Look below for the line with "Vacant posts including" and the line with "Beskrivelse: Flødekande i"; repeat exactly those two lines and all lines between them, but no pictures.

SOURCE INFORMATION:
┌──

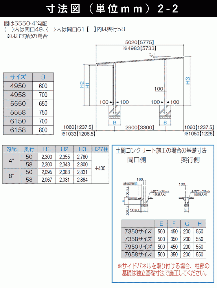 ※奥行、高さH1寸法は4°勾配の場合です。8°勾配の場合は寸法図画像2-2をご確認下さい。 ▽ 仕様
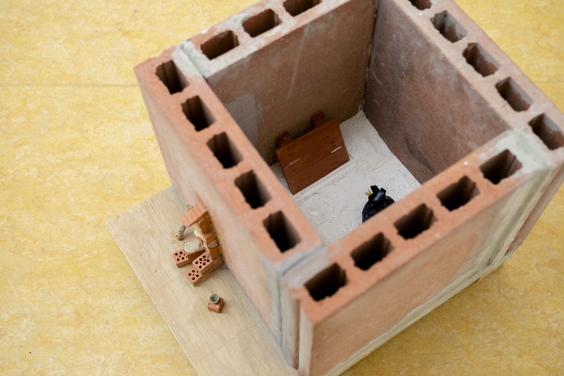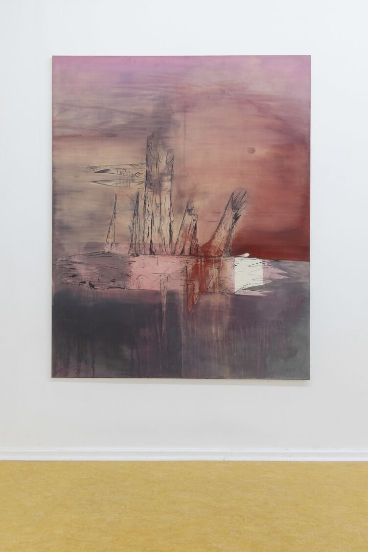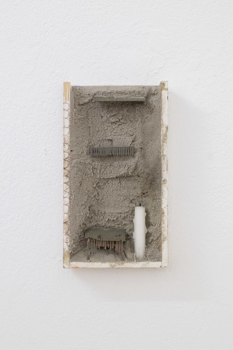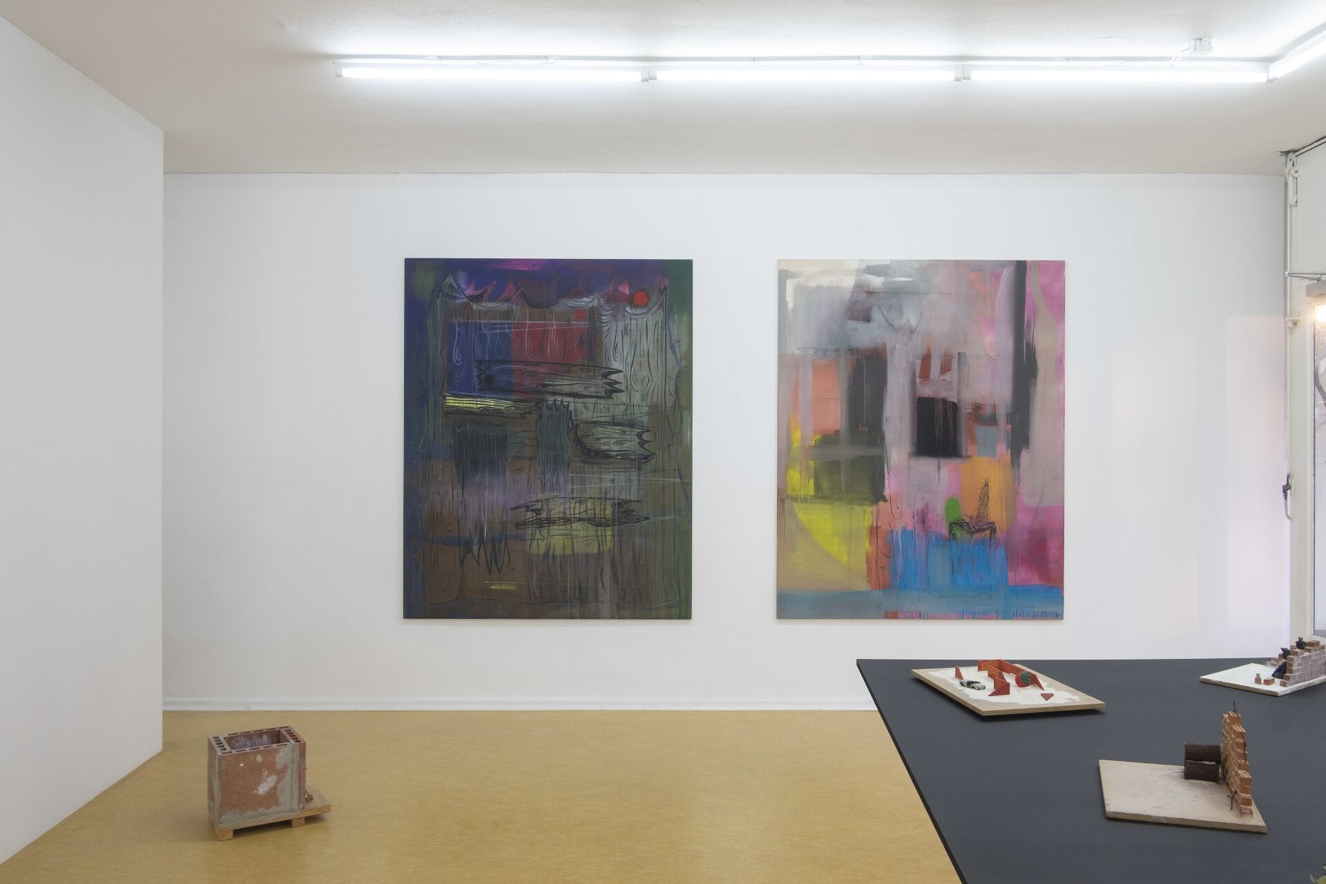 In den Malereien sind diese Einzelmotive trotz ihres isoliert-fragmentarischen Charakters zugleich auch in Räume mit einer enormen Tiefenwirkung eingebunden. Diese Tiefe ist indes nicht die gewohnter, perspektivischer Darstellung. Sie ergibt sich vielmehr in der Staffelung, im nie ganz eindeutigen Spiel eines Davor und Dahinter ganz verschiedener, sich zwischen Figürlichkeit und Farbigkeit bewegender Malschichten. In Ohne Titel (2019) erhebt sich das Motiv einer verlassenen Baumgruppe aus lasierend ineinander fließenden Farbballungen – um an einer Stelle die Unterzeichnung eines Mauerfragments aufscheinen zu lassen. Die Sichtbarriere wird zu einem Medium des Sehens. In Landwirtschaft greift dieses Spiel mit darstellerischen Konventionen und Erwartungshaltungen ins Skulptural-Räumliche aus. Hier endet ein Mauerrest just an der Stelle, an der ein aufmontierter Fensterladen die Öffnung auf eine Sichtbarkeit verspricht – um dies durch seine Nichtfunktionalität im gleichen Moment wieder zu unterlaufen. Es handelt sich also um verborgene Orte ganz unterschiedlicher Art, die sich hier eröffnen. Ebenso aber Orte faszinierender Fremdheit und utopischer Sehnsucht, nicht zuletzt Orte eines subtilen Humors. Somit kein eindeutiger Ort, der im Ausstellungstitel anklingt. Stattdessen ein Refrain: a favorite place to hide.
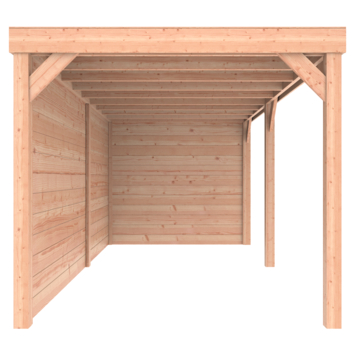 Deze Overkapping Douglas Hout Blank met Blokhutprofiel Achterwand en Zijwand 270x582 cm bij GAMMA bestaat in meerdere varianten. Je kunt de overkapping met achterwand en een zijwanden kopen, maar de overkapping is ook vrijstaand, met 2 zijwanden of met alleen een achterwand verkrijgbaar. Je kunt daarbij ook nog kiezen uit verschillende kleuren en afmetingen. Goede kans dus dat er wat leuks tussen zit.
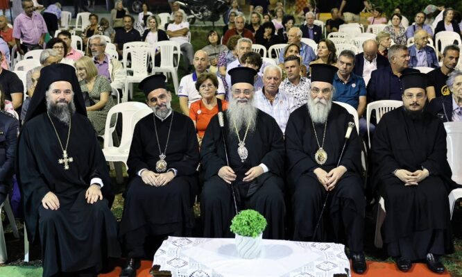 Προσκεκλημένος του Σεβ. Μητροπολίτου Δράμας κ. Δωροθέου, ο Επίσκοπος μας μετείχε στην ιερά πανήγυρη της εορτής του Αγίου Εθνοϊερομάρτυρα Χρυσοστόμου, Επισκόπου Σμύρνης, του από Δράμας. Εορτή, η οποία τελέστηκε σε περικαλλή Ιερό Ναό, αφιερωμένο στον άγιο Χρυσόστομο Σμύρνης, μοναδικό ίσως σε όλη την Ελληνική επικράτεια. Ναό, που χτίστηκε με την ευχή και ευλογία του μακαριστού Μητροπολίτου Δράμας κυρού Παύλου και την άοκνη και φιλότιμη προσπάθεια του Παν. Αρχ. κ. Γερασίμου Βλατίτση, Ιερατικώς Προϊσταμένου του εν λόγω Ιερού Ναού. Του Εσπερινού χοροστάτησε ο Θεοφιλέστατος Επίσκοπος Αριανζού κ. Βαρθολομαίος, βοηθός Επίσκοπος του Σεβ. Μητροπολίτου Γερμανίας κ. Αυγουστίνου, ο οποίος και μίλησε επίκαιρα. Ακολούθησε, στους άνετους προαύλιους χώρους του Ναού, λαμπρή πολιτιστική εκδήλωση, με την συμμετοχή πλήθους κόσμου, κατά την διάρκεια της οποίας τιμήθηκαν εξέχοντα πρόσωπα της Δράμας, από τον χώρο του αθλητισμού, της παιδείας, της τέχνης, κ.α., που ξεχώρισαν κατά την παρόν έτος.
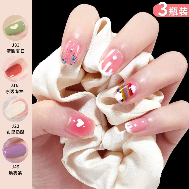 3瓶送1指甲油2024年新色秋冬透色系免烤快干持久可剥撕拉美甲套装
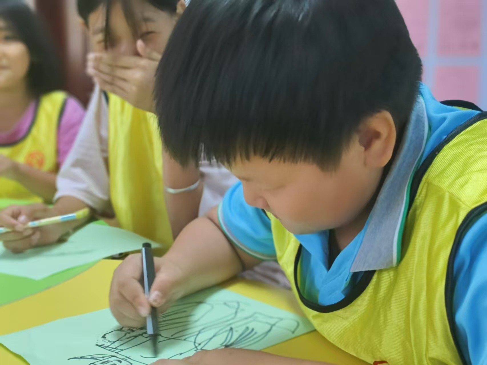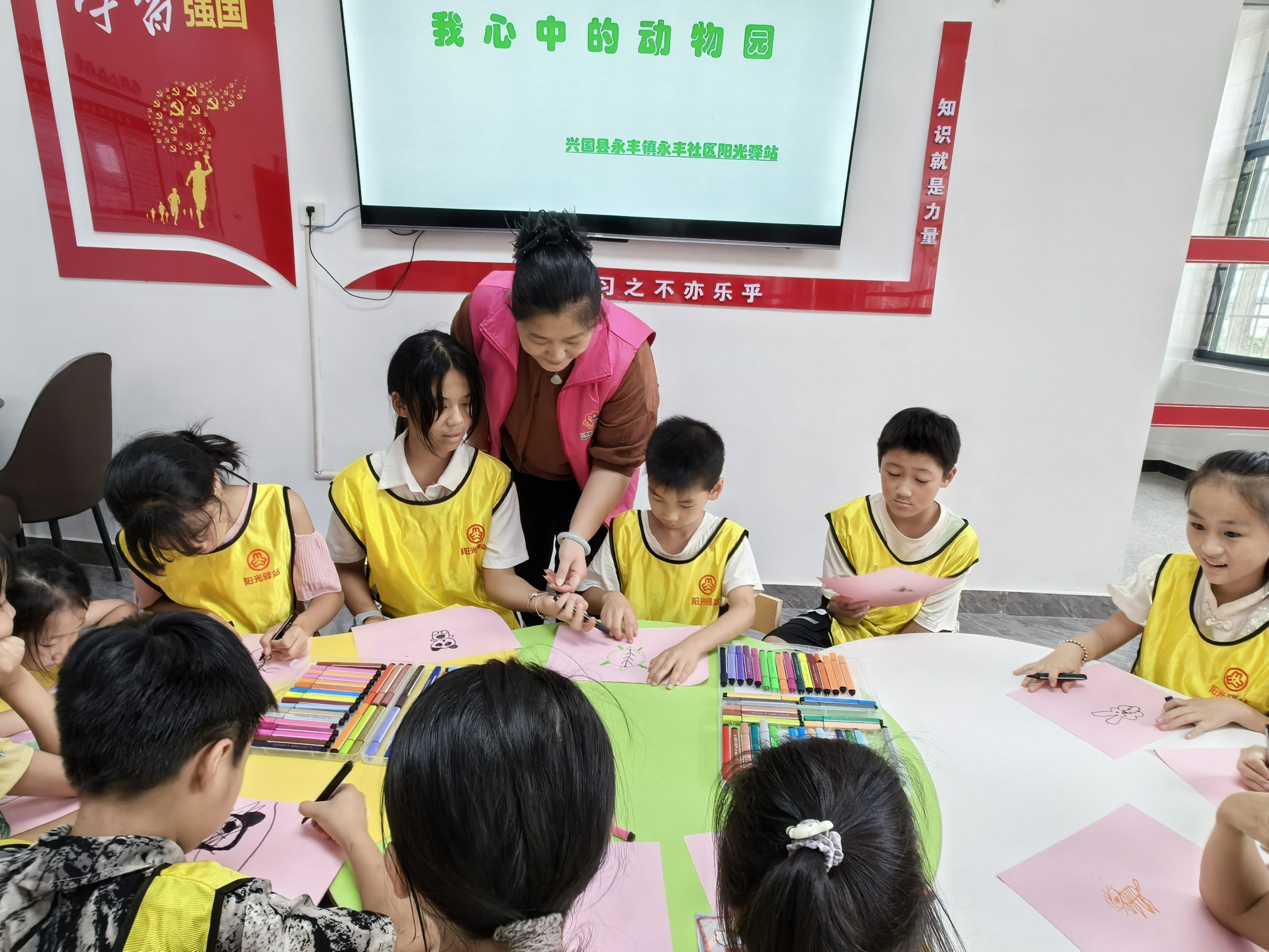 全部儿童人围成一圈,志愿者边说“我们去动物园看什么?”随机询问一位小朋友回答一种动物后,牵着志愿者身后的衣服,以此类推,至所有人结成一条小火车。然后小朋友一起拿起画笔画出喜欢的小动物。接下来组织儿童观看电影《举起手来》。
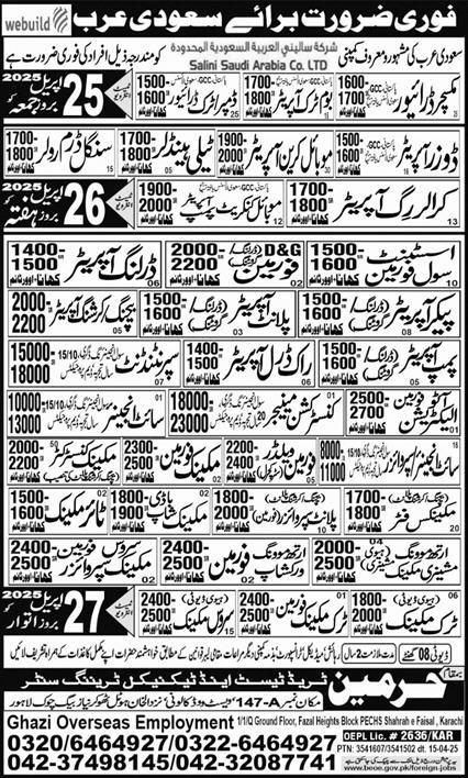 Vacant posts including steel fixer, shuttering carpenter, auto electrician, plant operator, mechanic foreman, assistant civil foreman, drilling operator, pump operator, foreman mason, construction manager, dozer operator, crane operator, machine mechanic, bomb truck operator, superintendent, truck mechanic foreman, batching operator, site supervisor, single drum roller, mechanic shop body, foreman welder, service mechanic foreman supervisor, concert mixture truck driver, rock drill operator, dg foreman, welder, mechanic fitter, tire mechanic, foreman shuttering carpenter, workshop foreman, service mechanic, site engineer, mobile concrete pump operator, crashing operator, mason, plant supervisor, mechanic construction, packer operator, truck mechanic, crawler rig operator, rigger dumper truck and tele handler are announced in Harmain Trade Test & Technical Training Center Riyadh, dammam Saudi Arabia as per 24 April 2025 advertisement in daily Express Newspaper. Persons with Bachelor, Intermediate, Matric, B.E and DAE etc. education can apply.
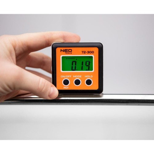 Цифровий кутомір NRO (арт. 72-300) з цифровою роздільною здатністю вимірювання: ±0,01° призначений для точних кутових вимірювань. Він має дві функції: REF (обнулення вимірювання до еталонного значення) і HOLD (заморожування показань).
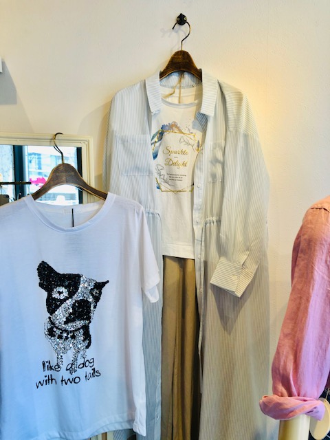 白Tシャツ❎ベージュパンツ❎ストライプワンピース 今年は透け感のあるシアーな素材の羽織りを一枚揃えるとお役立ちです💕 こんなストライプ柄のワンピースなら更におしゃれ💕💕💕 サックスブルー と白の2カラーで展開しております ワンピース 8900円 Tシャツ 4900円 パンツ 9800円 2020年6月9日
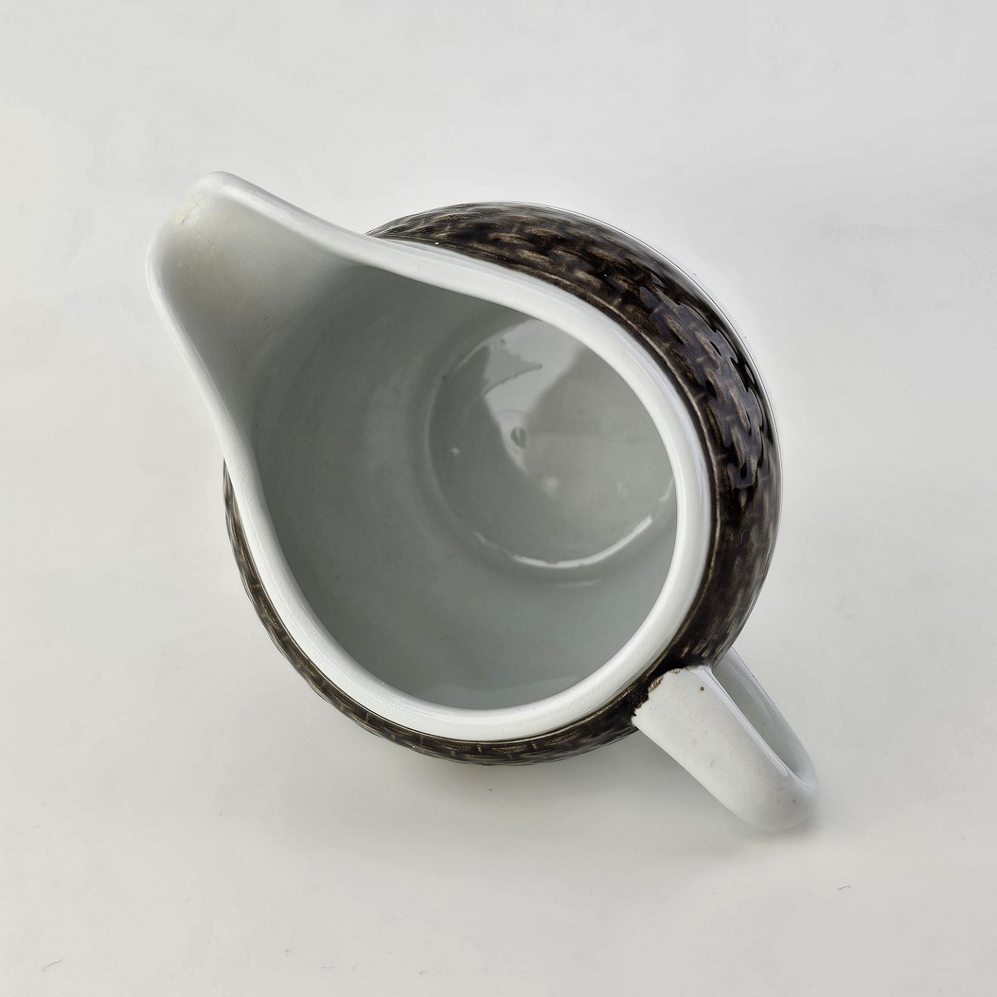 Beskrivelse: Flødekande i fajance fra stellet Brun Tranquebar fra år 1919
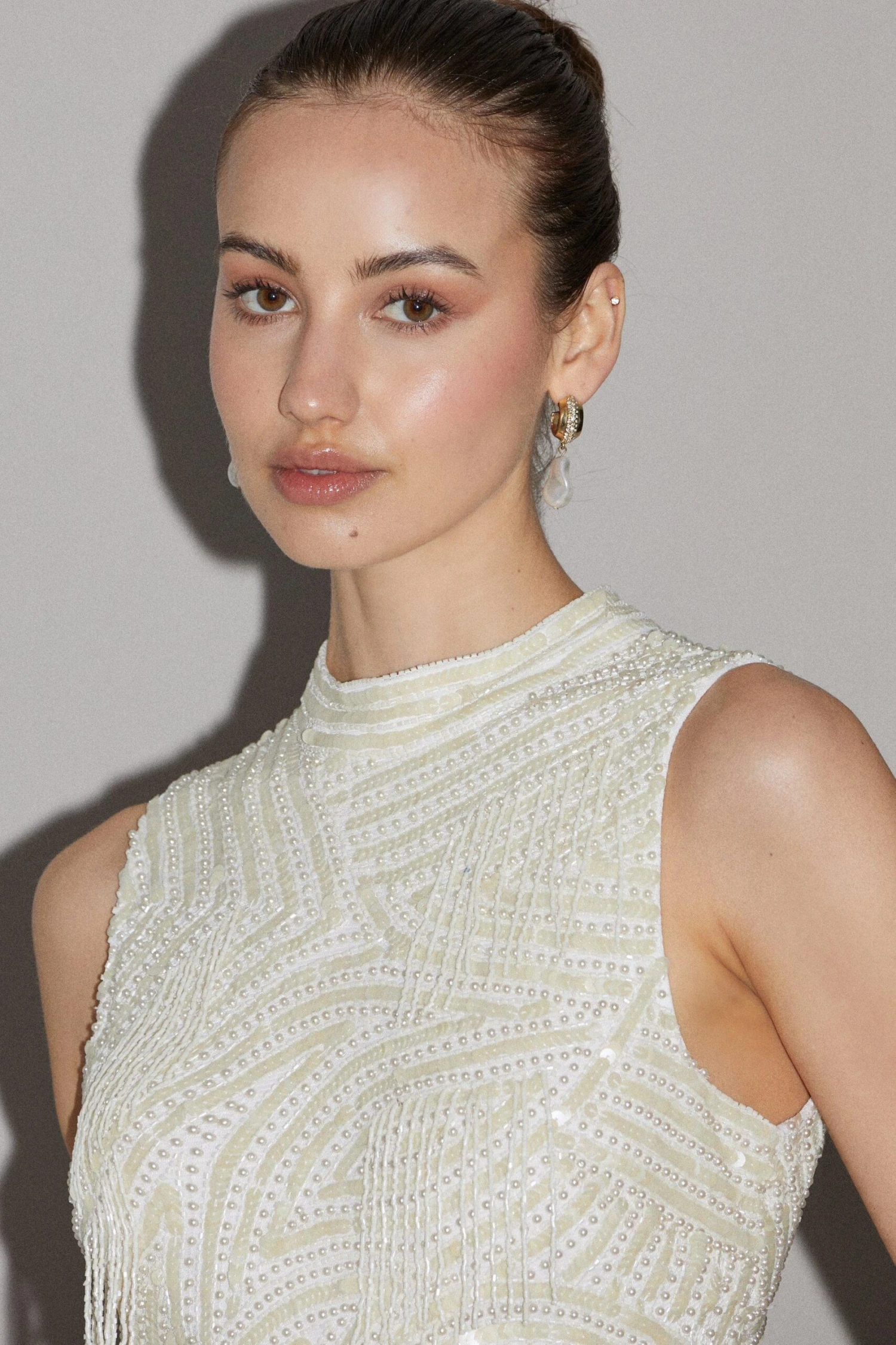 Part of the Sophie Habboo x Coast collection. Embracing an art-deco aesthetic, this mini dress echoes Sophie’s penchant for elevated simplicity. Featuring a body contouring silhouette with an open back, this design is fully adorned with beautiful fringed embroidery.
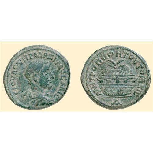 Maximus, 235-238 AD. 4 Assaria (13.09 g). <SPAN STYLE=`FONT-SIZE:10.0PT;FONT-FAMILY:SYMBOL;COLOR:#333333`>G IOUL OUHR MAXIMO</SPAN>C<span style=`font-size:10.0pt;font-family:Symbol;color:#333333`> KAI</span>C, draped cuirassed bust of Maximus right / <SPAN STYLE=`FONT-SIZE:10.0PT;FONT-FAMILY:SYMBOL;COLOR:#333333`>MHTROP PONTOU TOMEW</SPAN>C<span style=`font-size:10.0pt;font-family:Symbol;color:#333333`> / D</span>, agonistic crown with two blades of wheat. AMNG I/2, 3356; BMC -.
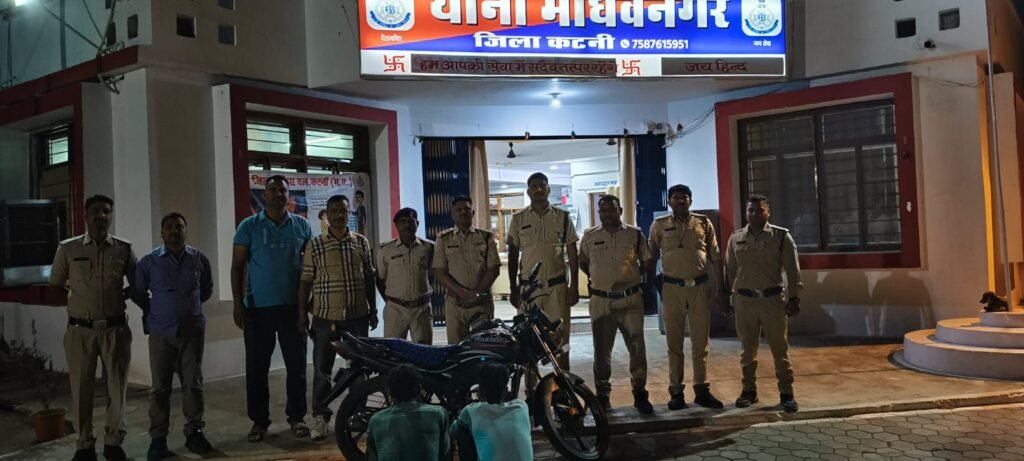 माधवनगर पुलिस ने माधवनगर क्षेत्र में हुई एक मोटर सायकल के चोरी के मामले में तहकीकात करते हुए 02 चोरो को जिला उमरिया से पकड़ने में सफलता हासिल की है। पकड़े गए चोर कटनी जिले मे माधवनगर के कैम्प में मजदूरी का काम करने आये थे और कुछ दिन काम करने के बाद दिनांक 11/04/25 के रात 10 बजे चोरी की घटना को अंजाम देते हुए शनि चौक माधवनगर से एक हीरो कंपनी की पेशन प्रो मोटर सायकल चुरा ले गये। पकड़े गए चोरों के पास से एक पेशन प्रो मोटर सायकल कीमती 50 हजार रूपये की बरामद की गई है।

└──

ANSWER:
 Vacant posts including steel fixer, shuttering carpenter, auto electrician, plant operator, mechanic foreman, assistant civil foreman, drilling operator, pump operator, foreman mason, construction manager, dozer operator, crane operator, machine mechanic, bomb truck operator, superintendent, truck mechanic foreman, batching operator, site supervisor, single drum roller, mechanic shop body, foreman welder, service mechanic foreman supervisor, concert mixture truck driver, rock drill operator, dg foreman, welder, mechanic fitter, tire mechanic, foreman shuttering carpenter, workshop foreman, service mechanic, site engineer, mobile concrete pump operator, crashing operator, mason, plant supervisor, mechanic construction, packer operator, truck mechanic, crawler rig operator, rigger dumper truck and tele handler are announced in Harmain Trade Test & Technical Training Center Riyadh, dammam Saudi Arabia as per 24 April 2025 advertisement in daily Express Newspaper. Persons with Bachelor, Intermediate, Matric, B.E and DAE etc. education can apply.
 Цифровий кутомір NRO (арт. 72-300) з цифровою роздільною здатністю вимірювання: ±0,01° призначений для точних кутових вимірювань. Він має дві функції: REF (обнулення вимірювання до еталонного значення) і HOLD (заморожування показань).
 白Tシャツ❎ベージュパンツ❎ストライプワンピース 今年は透け感のあるシアーな素材の羽織りを一枚揃えるとお役立ちです💕 こんなストライプ柄のワンピースなら更におしゃれ💕💕💕 サックスブルー と白の2カラーで展開しております ワンピース 8900円 Tシャツ 4900円 パンツ 9800円 2020年6月9日
 Beskrivelse: Flødekande i fajance fra stellet Brun Tranquebar fra år 1919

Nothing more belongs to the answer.